Bank of Israel Governor Stanley Fischer said Feb. 2 the country has “plenty of room” to lower interest rates if needed. It cut the benchmark rate by a quarter-point last month to 2.5 percent, the third reduction in five months. Borrowing costs may fall as much as 25 basis points in coming months, Shafrir said.
The one-year break-even rate, the yield difference between inflation-linked bonds and fixed-rate government notes of similar maturity, fell one basis point to 255, implying an average annual inflation rate of 2.55 percent. The rate has increased 26 basis points since consumer price moves were announced on Feb. 15.

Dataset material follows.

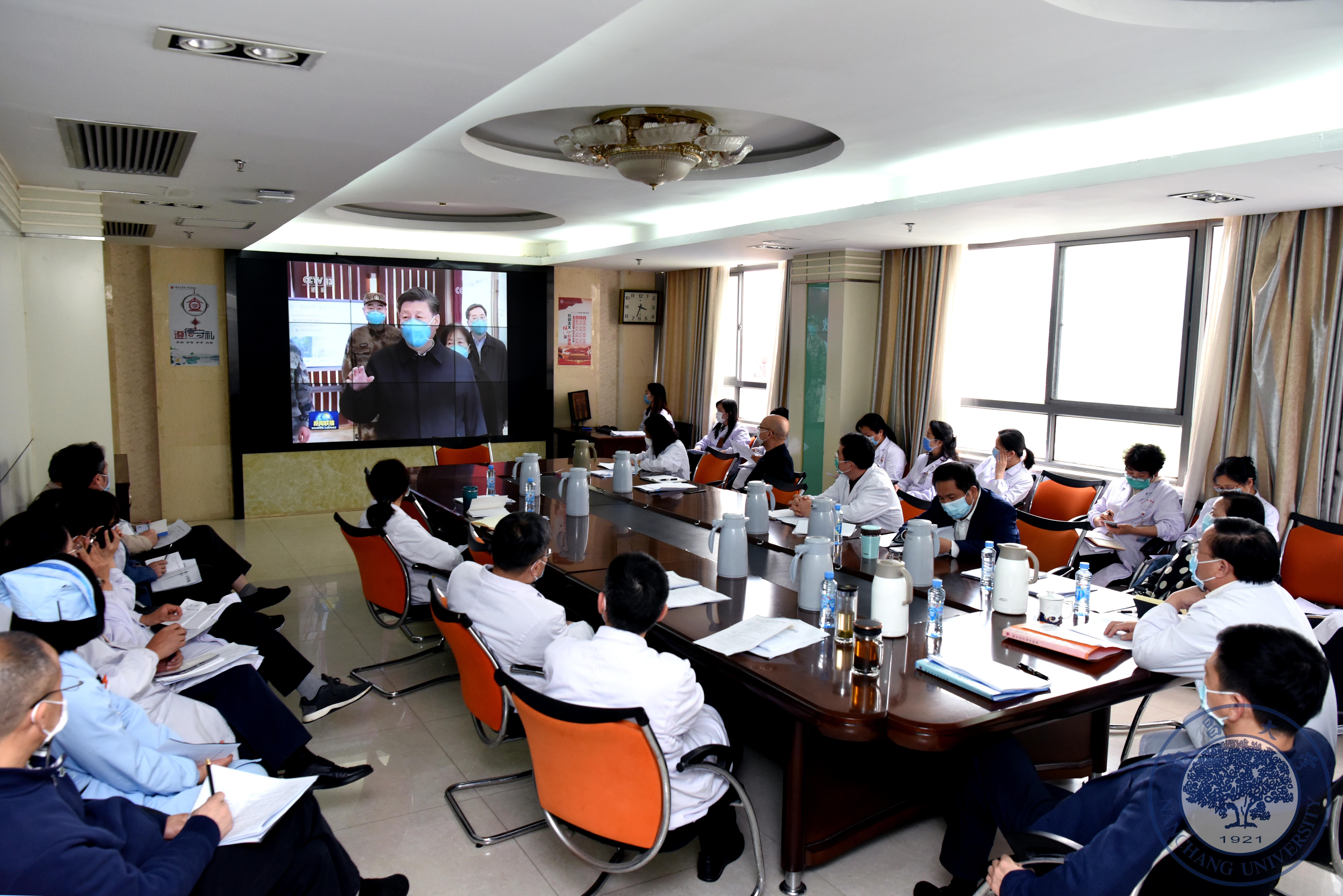 会上,大家集中观看了中央新闻联播《关于习近平总书记在湖北省考察新冠肺炎疫情防控工作》。

The central bank and the Finance Ministry have reduced their growth predictions for this year, citing the impact of the European debt crisis. The economy expanded an annualized 3.2 percent in the fourth quarter compared with a revised 3.8 percent in the third quarter as exports and private consumption declined, the statistics bureau said Feb. 16.
The Tel-Bond 40 Index of corporate bonds gained 0.2 percent to 264.10. The shekel fell 0.3 percent to 3.7340 a dollar at 4:51 p.m.